Guaiquinima whitestart
- Conservation status: Least Concern (IUCN 3.1)

Scientific classification
- Kingdom: Animalia
- Phylum: Chordata
- Class: Aves
- Order: Passeriformes
- Family: Parulidae
- Genus: Myioborus
- Species: M. cardonai
- Binomial name: Myioborus cardonai Zimmer, JT & Phelps, WH, 1945

= Guaiquinima whitestart =

- Genus: Myioborus
- Species: cardonai
- Authority: Zimmer, JT & Phelps, WH, 1945
- Conservation status: LC

Species of bird

The Guaiquinima whitestart (Myioborus cardonai), also known as the Guaiquinima redstart, saffron-breasted whitestart, or saffron-breasted redstart, is a species of bird in the family Parulidae, the New World warblers. It is endemic to Cerro Guaiquinima in eastern Venezuela.

==Taxonomy and systematics==

The Guaiquinima whitestart was formally described in 1945 with its current binomial Myioborus cardonai. It is monotypic.

==Description==

The Guaiquinima whitestart is about 13 cm long. The sexes have the same plumage. Adults have a solid black forehead and crown and white crescents above and below the eye on otherwise slate-gray face. Their upperparts and wings are slate-gray. Their tail is black with much white on the outer two pairs of feathers. Their throat and most underparts are deep orange-yellow and their undertail coverts white. They have a dark iris, a blackish bill, and blackish legs and feet.

==Distribution and habitat==

The Guaiquinima whitestart is known primarily from specimens taken on Cerro Guaiquinima, a tepui in the central part of Venezuela's Bolívar state. There it inhabits the interior and edges of cloudforest, gallery forest, and adjoining dense scrubby areas. In elevation it ranges between 1200 and 1700 m.

==Behavior==
===Movement===

As far as is known, the Guaiquinima whitestart is a sedentary year-round resident.

===Feeding===

Nothing is known about the Guaiquinima whitestart's diet or foraging techniques.

===Breeding===

Nothing is known about the Guaiquinima whitestart's breeding biology.

===Vocalization===

As of July 2026 neither xeno-canto nor the Cornell Lab's Macaulay Library had recordings of Guaiquinima whitestart vocalizations. However, its song is described as "a musical, high-pitched rapid, warble swelling in volume" that is typically sung in duet. Its call is "a high-pitched tsik".

==Status==

The IUCN originally in 1988 assessed the Guaiquinima whitestart as being of Least Concern, then in 1994 as Vulnerable, in 2000 as Near Threatened, and since 2025 again as of Least Concern.
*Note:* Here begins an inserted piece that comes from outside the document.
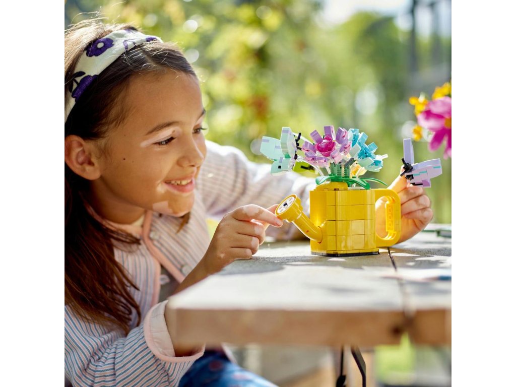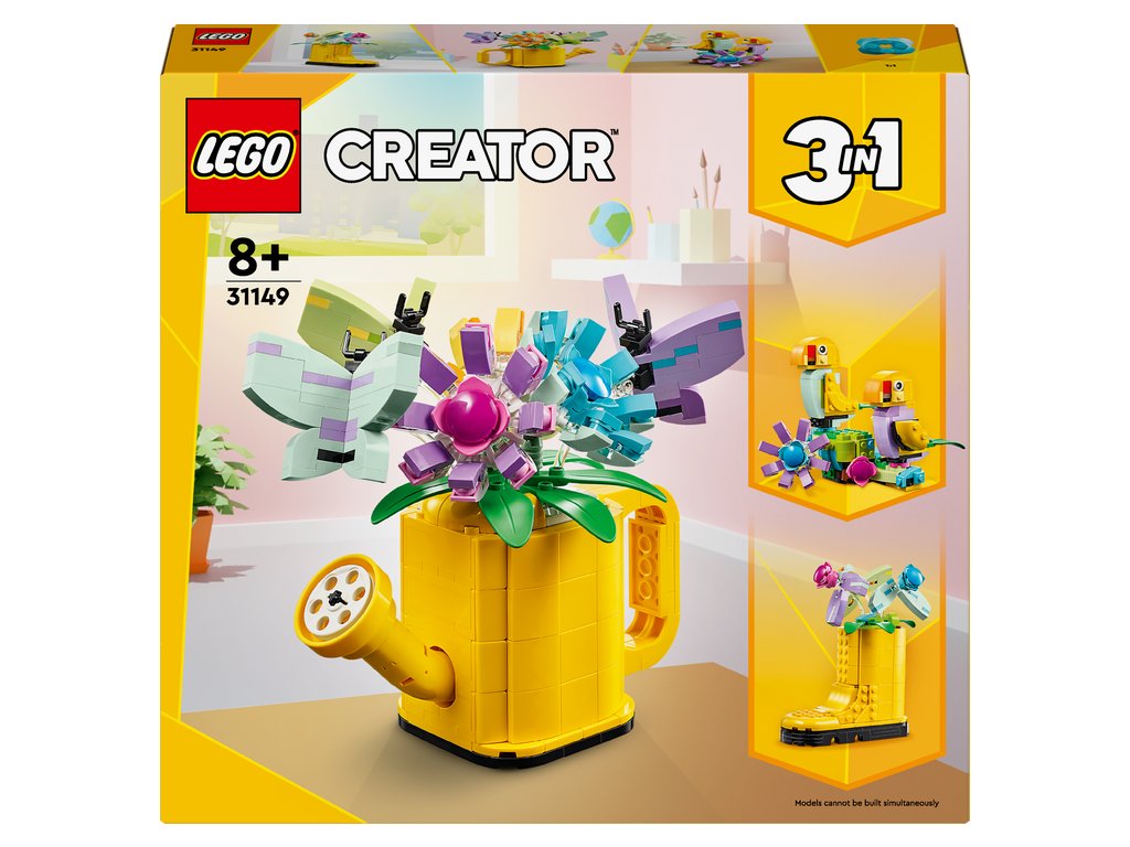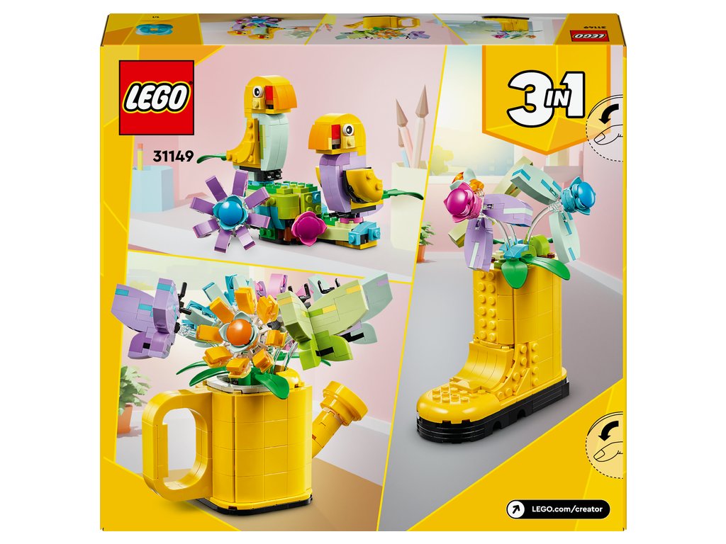 Stavajte, prestavujte, hrajte sa a vystavte si 3 farebné modely inšpirované prírodou s touto stavebnicou LEGO® Creator 3 v 1 Kvety v krhle (31149). Model obsahuje hračkársku žltú krhlu z kociek s rukoväťou a výlevkou, v ktorej sú 3 hračkárske kvety s pohyblivými okvetnými lístkami a takisto 3 hračkárskych motýľov na priehľadných tyčinkách, ktoré vytvárajú dojem, že lietajú.

It has a very small range; its population size is not known but is believed to be stable. "Within the range forest loss has been negligible in the ten years to 2023 with no change in the overall area of habitat between 2010 and 2020." Despite the lack of knowledge of the species in life, it is considered "probably fairly common". "Although there has been mining for many years at base of the mountain, this [is] thought not to have had significant impact, and no agriculture [is] within the species' range. In addition, wet climate and large river valleys surrounding the mountain make loss of habitat through fire fairly unlikely."